Read the Logs

One of my morning rituals at work is to look at a custom summary view of error logs. This allows me to learn what is happening in the system.

Combined with an active drive to clean up the most frequent errors this is a great way to learn what a normal day looks like. Anything new has been caused by a change somewhere or an external failure.

This also gives you a way to estimate how frequently errors are happening compared to the events users are attempting.

Typically I ask in one of our developer slack channels if anyone is aware of the new issue. Sometimes people are already aware of the problem. Frequently there will be further investigation required.

For context I work in a medium sized company with multiple monoliths surrounded by a suite of services. Errors in the logs within my teams scope can be caused by work belonging to my team or more frequently by changes made by other teams.

Note this is mostly about errors. I recommend logging errors when something has gone wrong. This is more important in parts of a system where customers are paying for something. We have two major splits in a system as there are 1000x quotes compared to sales. The quote system should log less frequently than the sales otherwise they will dominate.

Recently I found a new log message stating that manual intervention was required for a process. I had to ask the person who wrote that code exactly what the manual intervention was and who would do it.

I recommend adding links in the log message to a page in the wiki with the instructions to fix. This can start out as a placeholder.

I also find that info or warning messages can be a great way to prove that a change has worked. I recently added a scheduled retry in 24 hours for a weird refund scenario (you can’t partially refund a credit card transaction that is less than 24 hours old…). By logging the retries it was possible to see how frequently this problem happened and how many manual interventions were required (In this case not many and none).

Thoughts on scope of bugfixes

When working on a bugfix do you handle all of the edge cases?

Typically if a system is down you need to do what it takes to get the system back up as quickly as possible without making things worse. This can involve leaving rare edge cases as failure messages with logs that will help fix the problem in future.

This all depends upon the severity of a failure, the speed of deployment and the capacity to fix the problem in the near future.

Sometimes having a manual work around for a rare non-time critical issue is better use of time than overengineering a solution for a problem that may never happen.

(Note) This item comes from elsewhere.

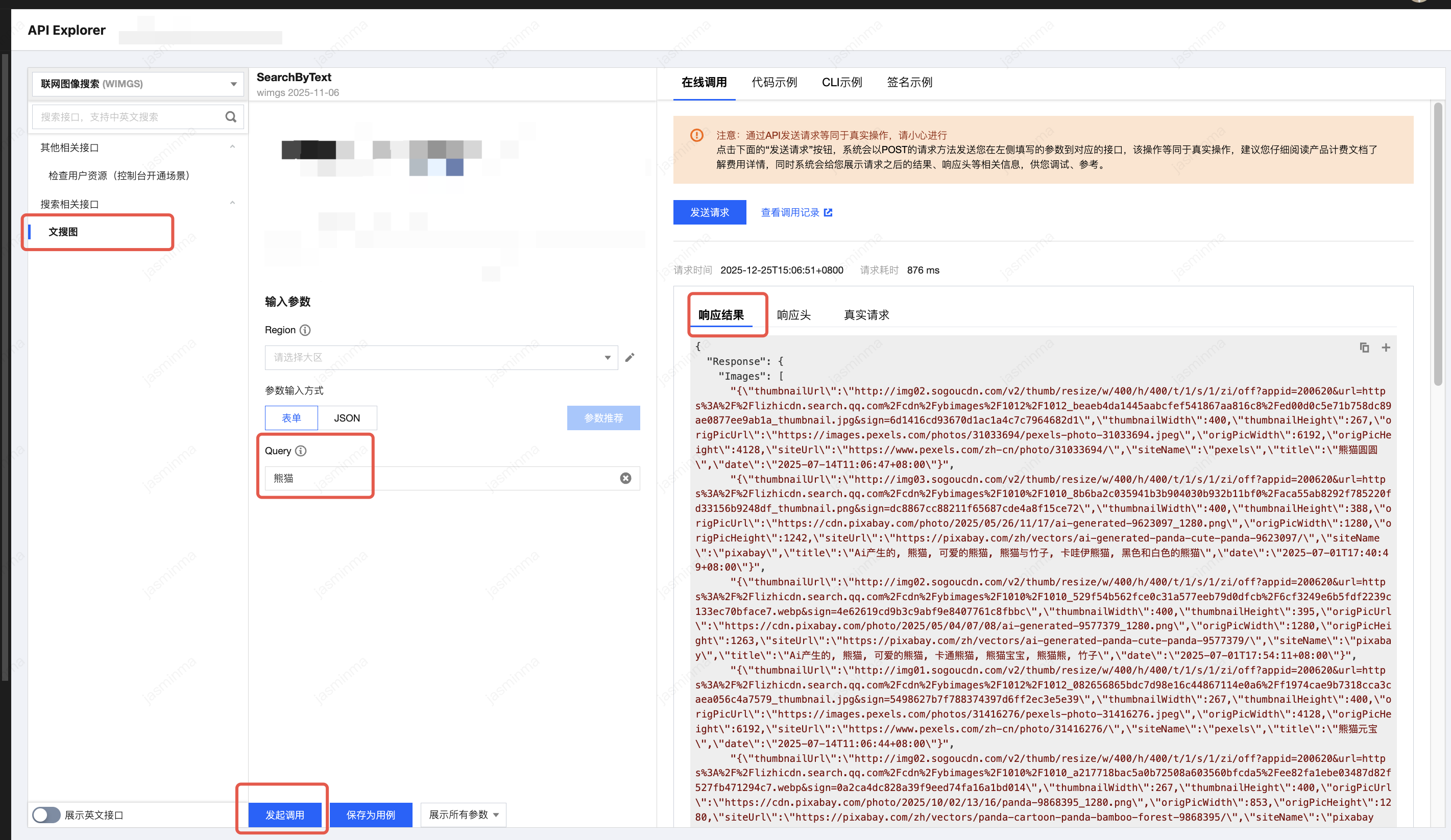 输入参数在 API 3.0 Explorer 界面的“文档说明”选项卡中可以查看对应接口输入参数的具体含义。

Recently I have had to work on production issues that cannot be recreated in a test envionment (without waiting a day or so to set up the test data).

A related type of problem is the bug that could have multiple causes. You think you have recreated the issue fix it only to find it is still broken in production. Having audit logs at info level can help estsblish exactly what was attempted. Event sourced systems can recreate what suceeded, but not always the things that fail.

When logging a failure message always give enough information to locate the error without leaking PII.